Вперед, мушкетеры!(сборник) - Тарловский Марк Наумович 4 стр.


Счастливые!.. И я смотрел в коридор, как во время болезни на улицу.

Очень скоро в учительской ко мне привыкли. Все уже знали, что у вешалки стоит Гарин из пятого «А» — окно в классе разбил. Стоит — ну и пусть стоит.

— Прямо не знаю, — говорила Елена Сергеевна, — что мне с Голубевым делать. Ничего не учит. Вот сегодня еще раз спрошу его — посмотрим… — Елена Сергеевна вздохнула и задумалась.

Голубев — это из пятого «Г». Его вызвать собираются, а он там, наверное, носится, ничего не знает…

— Пятый «Г» вообще тяжелый класс, — устало махнула рукой Софья Семеновна.

— Тяжелый, тяжелый… — И все учителя вздохнули.

— Развинтились, — бодро сказал Егор Степанович.
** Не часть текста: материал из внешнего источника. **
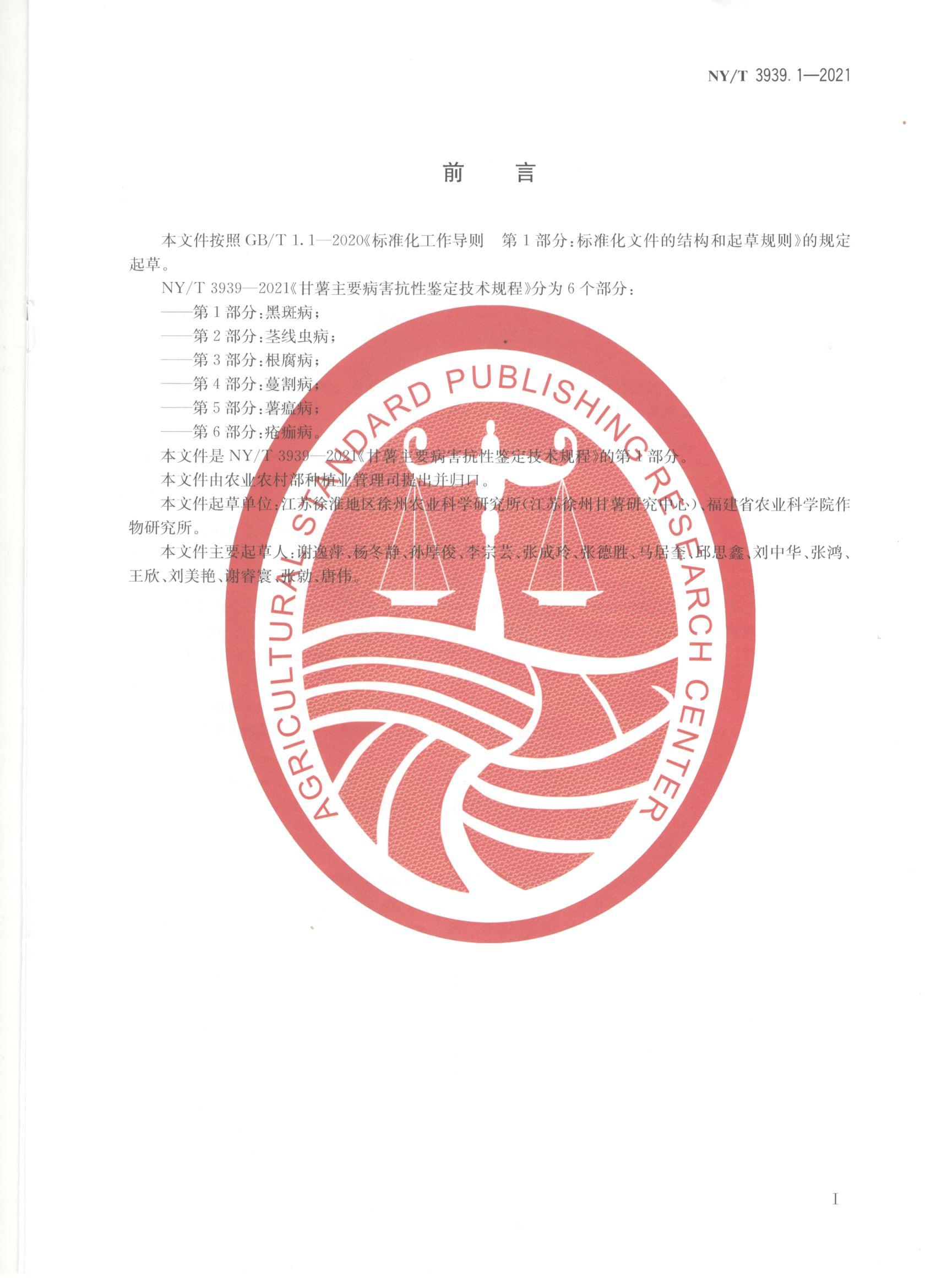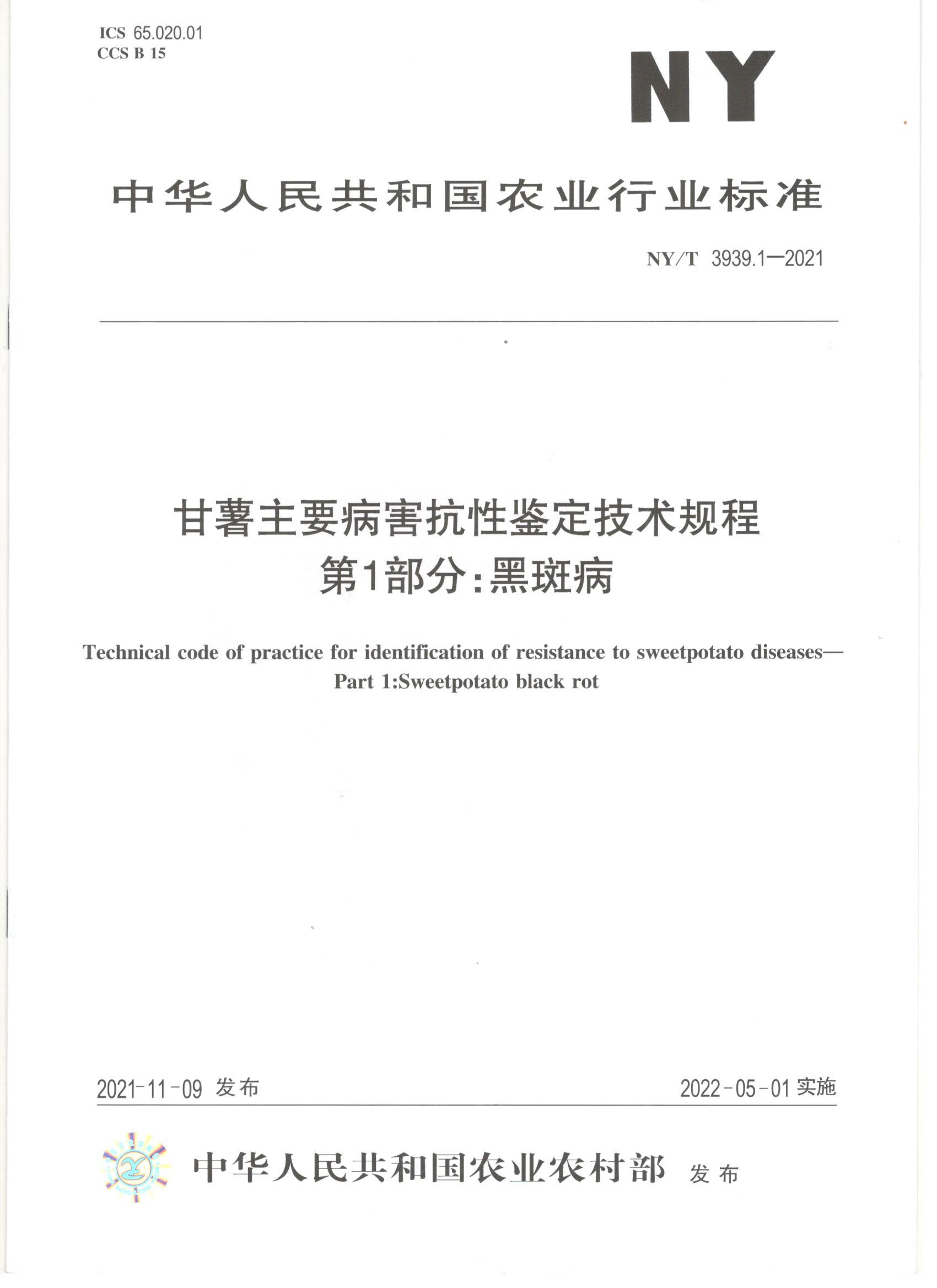 甘薯主要病害抗性鉴定技术规程 第1部分:黑斑病-国标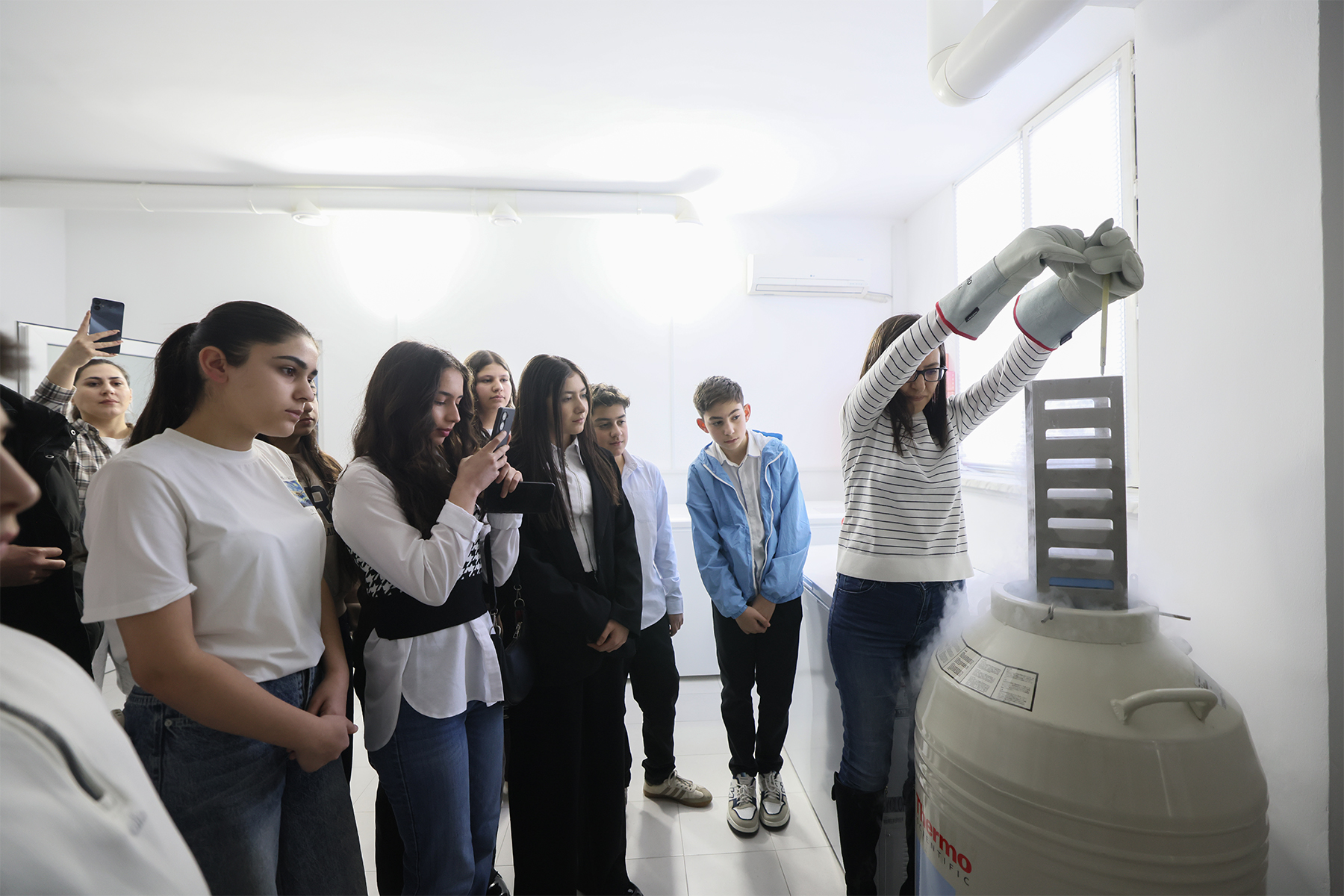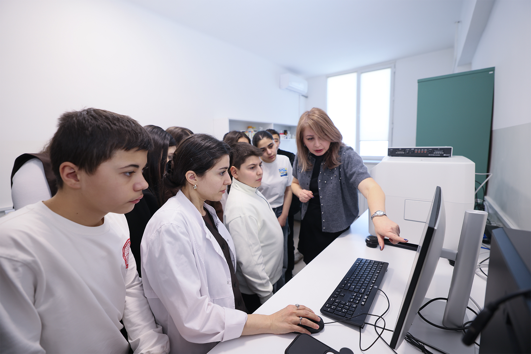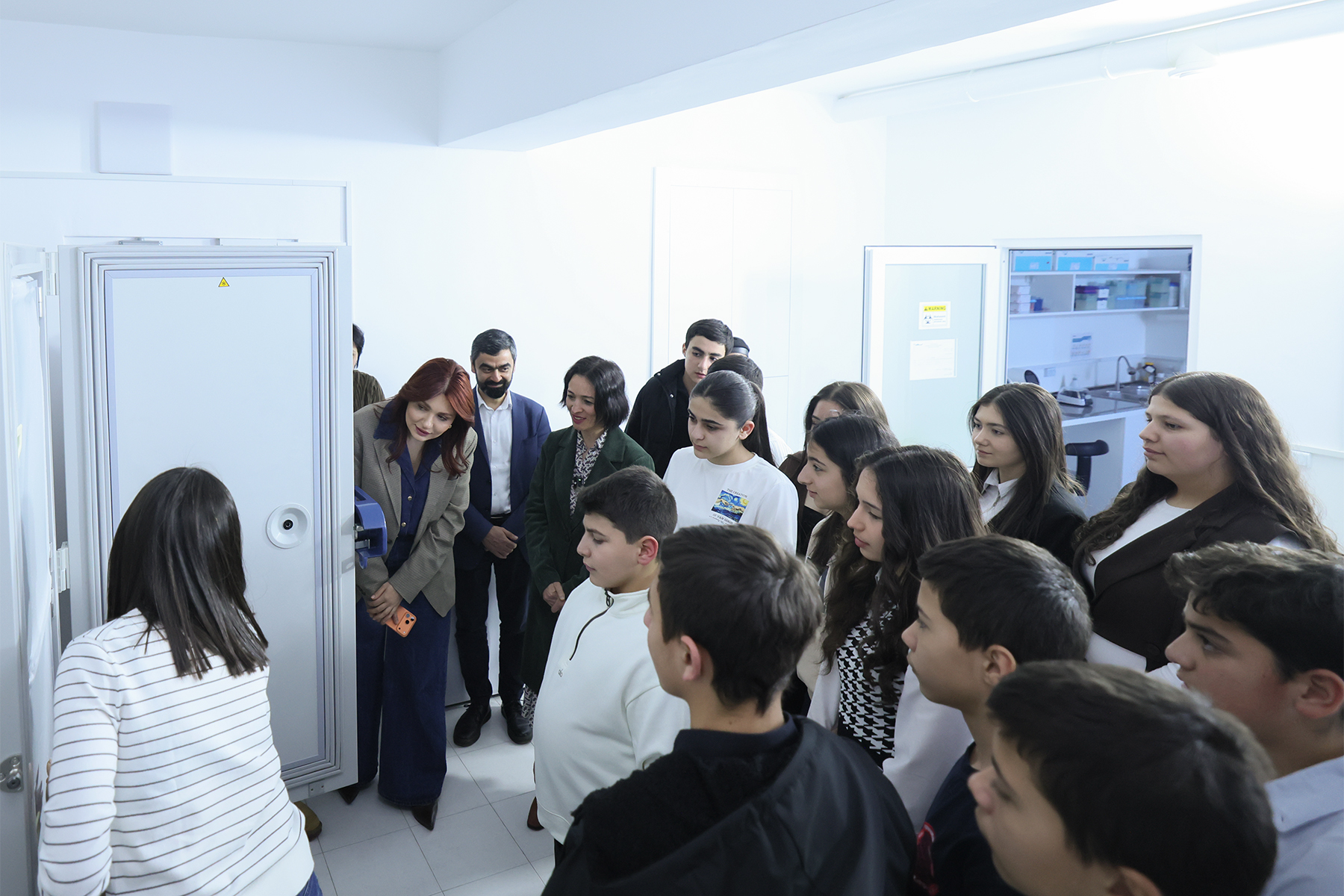 Министр образования, науки, культуры и спорта Жанна Андреасян сегодня вместе с группой школьников из Еревана и регионов Армении посетила Институт молекулярной биологии НАН РА.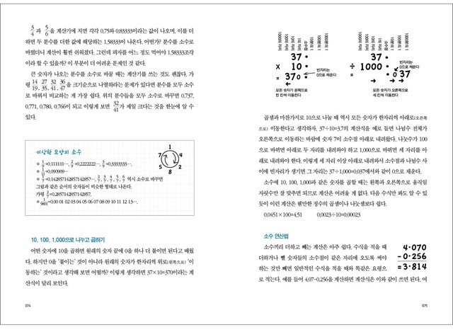 이 책은 학교에서 잠깐 훑고 지나가는, 아니면 수학선생님이 가르쳐주지 않고 생략하고 넘어간 수학의 원리를 아주 쉽게 일상적인 사례들로 해설해 주는 책이다. 먼저 분수의 나눗셈을 할 때 왜 나눗셈을 반대로 뒤집어서 곱해주는가, 음수에다 음수를 곱하면 어째서 양수가 되는가와 같은 기초 개념을 짚어주고 더 나아가 문장제 문제들을 풀어내는 데 필요한 수학적 사고와 요령을 알려준다.

Но тут раздался звонок на урок, и все учителя стали разбирать журналы.

— Вы в пятый «А»?

— Да, да.

— А в «Б» кто?..

Один за другим они выходили из учительской, и в классах становилось все тише, тише… Наконец где-то наверху гулко захлопнулась последняя дверь, и я остался один во всей школе.

Лениво тикали на стене желтые деревянные часы, за высокой дверью с табличкой «Директор» было тихо. В углу под расшатанным стулом белел ящичек с мелом; над стулом висели таблицы — правила правописания. Среди них я узнал и наши.

И все это за вчерашний день, думал я. Очень нужно было в кино идти… Не пошел бы в кино, географию бы выучил, а географию бы выучил, тройки бы не было. Да и через стул, наверное, не прыгнул бы…

А ведь все могло быть иначе. Ну вот началась, значит, перемена… «Кто через стул прыгнет?» — кричит Петька. А я прохожу мимо, и хоть бы что — прямо в коридор. Ну, там, конечно, крик, беготня, Павлик рядом стоит. Мы бы с ним поболтали, ну, я его толкнул, он — меня. Тут и Рябов подскочил: «Здорово вчера, а?» Кино бы вспомнили…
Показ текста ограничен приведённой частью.